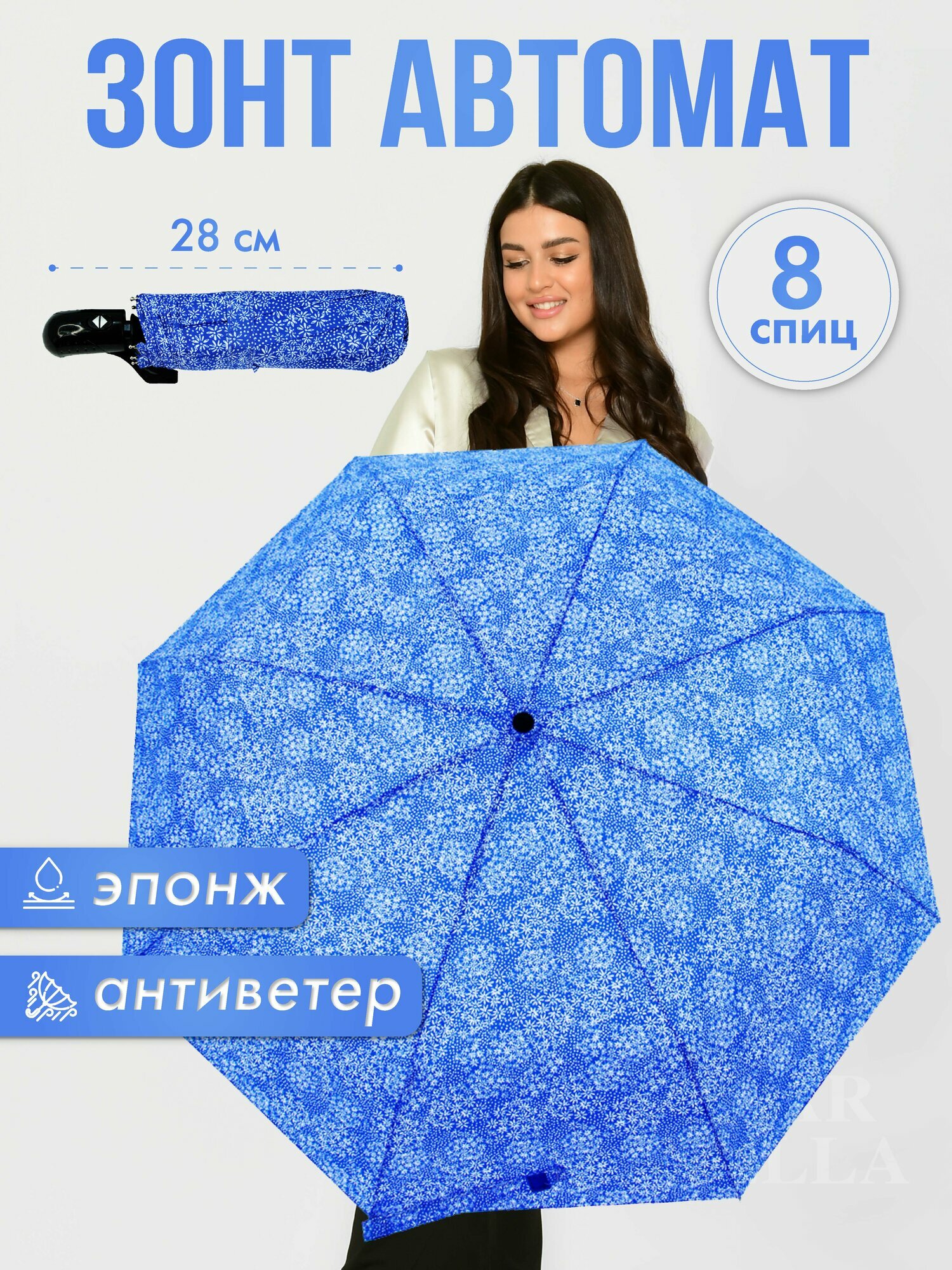 СохранитьЗонт женский автомат, зонтик взрослый складной антиветер 0005, синий интересное:
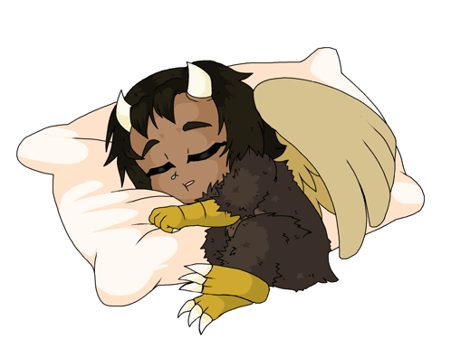 a drawing of a monster with horns and wings sleeping on a pillow
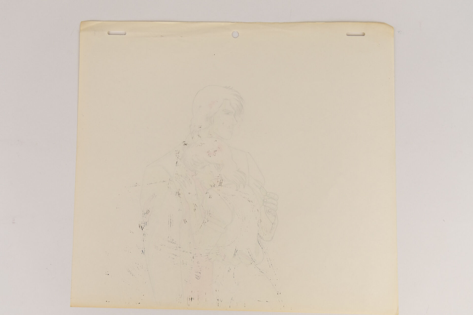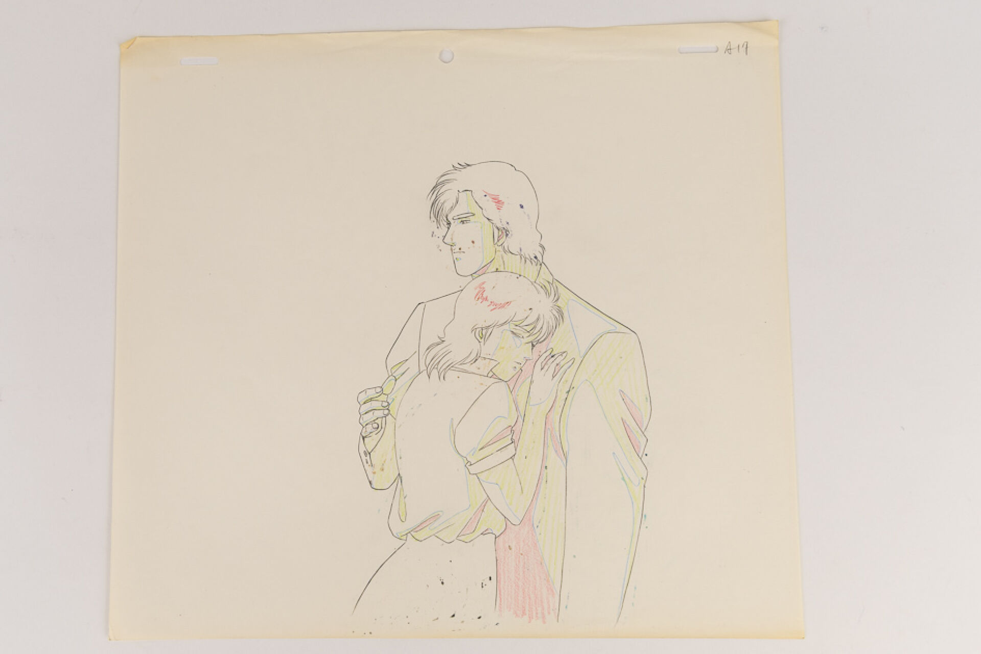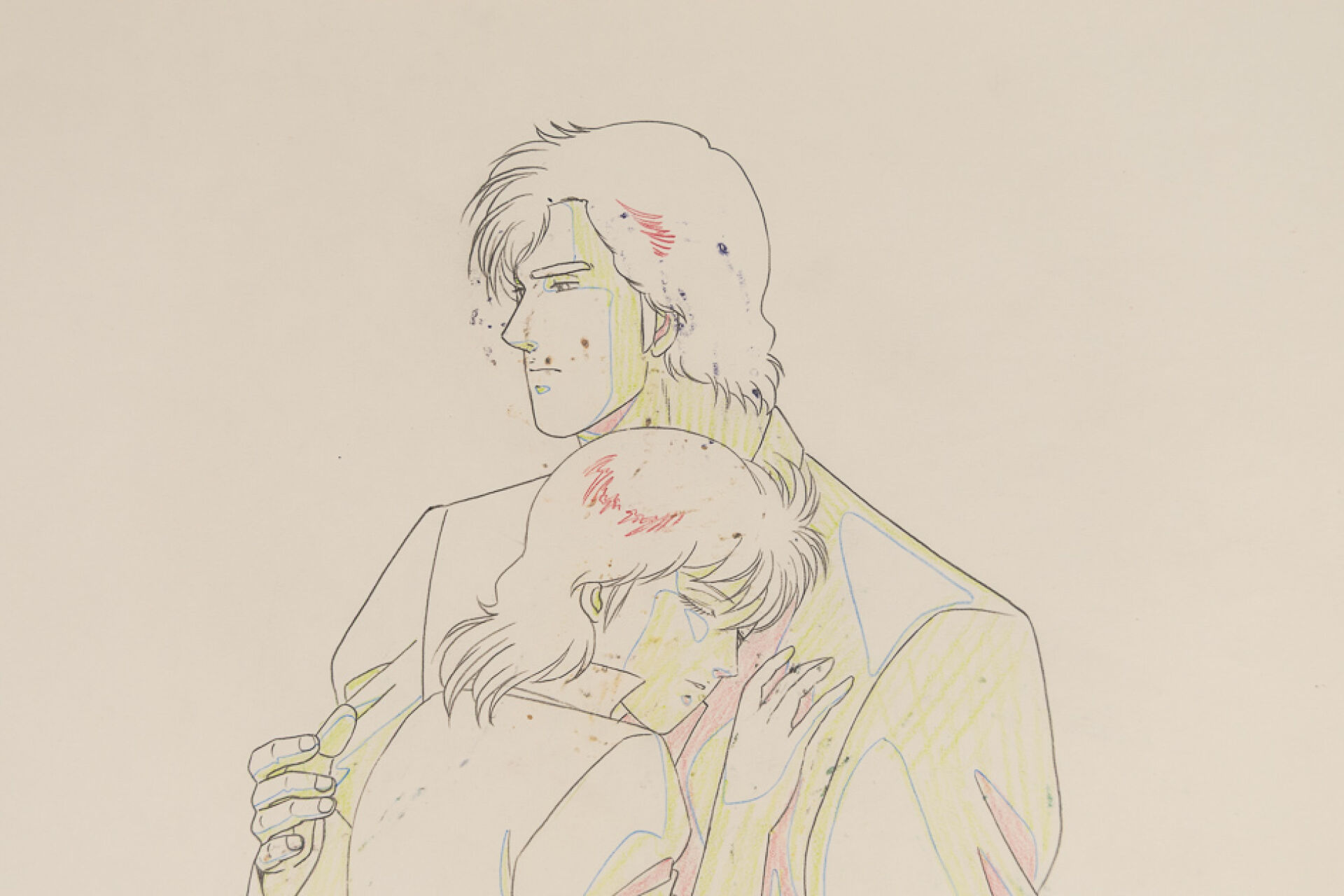 Tsukasa Hojo (北条 司) et Kenji Kodama (こだま 兼嗣) - Nicky Larson ou City Hunter (シティーハンター) - Laura Marconi (槇村 香 ou Makimura Kaori) et Nicky Larson (冴羽 獠 ou Ryō Saeba) Magnifique Dôga (Douga) à la mine de plomb et aux crayons de couleur représentant Laura Marconi blottie contre Nicky (scène de l'un des génériques de fin VO). Haut. : 24,2 cm - Larg. : 26,8 cm. Produit par Sunrise Studios de 1987 à 1991 (Expédition sur devis)47

----

> WORK INSTRUCTIONS
Could the lines from the top of the material through the line with "a drawing of" be repeated exactly, pictures left out?

> ANSWER TO THIS PROBLEM
 СохранитьЗонт женский автомат, зонтик взрослый складной антиветер 0005, синий интересное:
 a drawing of a monster with horns and wings sleeping on a pillow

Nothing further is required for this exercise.